Experiences of gender-based discrimination or harassment at school may entail prejudicial consequences for students, including mental health problems and school dropout. This is particularly the case for LGBT teenage students who are in the process both of exploring their gender identity and sexual preferences and seeking out ways to make them acceptable to their social circle. Enrolment in vocational training offers specific challenges, as openness to sexual minorities is very context-based. In particular, contextual homo- and transphobia may be related to institutional policies, but also to occupational fields and to proportions of male/female workers or students, with more masculine-dominated contexts being more prone to discrimination against LGBT students, and may vary greatly between school and workplace contexts.
In this paper, we explore homo- and transphobic discrimination and/or harassment experienced or witnessed by first-year vocational students in Geneva, Switzerland.

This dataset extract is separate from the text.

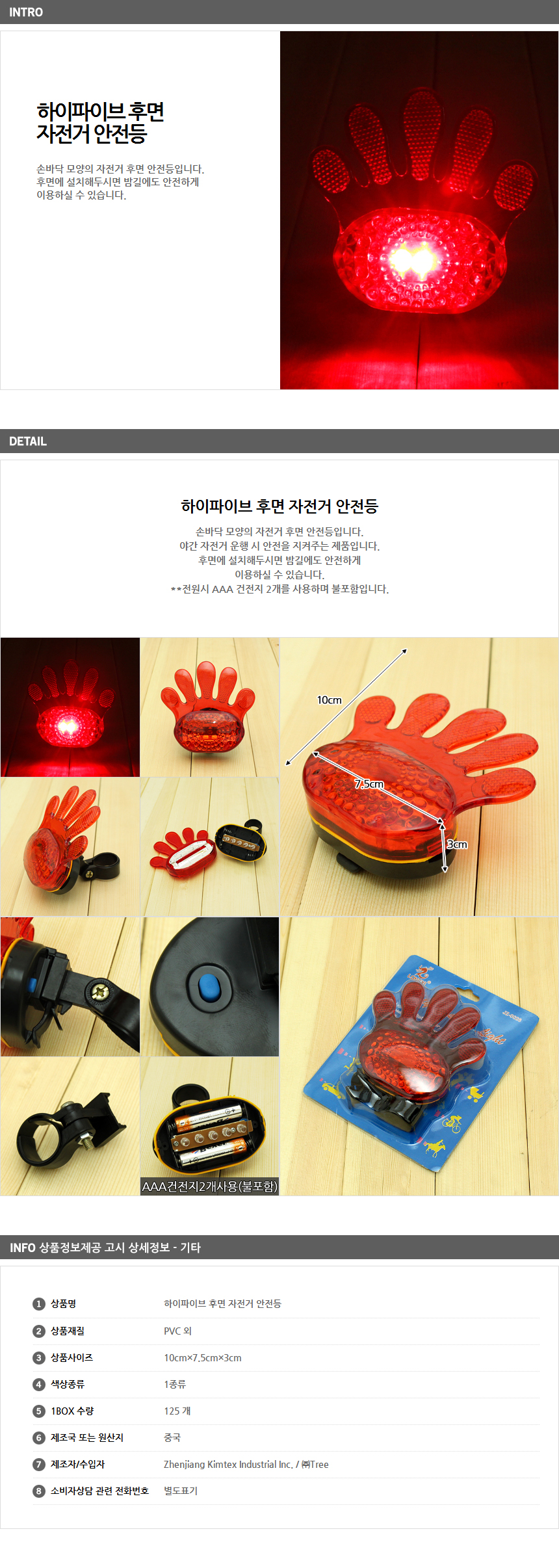 1. 품명 및 모델명 : 하이파이브 후면 자전거 안전등

We look at different kinds of harassment/ discrimination and explore how they are related to power relations in schools and organizations: while some of these acts of harassment/discrimination are perpetrated by peers, they may also come from people who are hierarchically superior, or from clients. We explore how such acts may intersect with other kinds of discrimination, such as sexism, racism, etc.
The second aim of this paper it to explore how the victims cope with these experiences of harassment/discrimination. Several of our interviewees anticipated experiences of harassment or discrimination without necessarily having experienced them personally and chose avoidance strategies such as dissimulating their sexual identity or self-exclusion from some contexts. Other reactions ranged from denial and rationalization to weariness and resilience.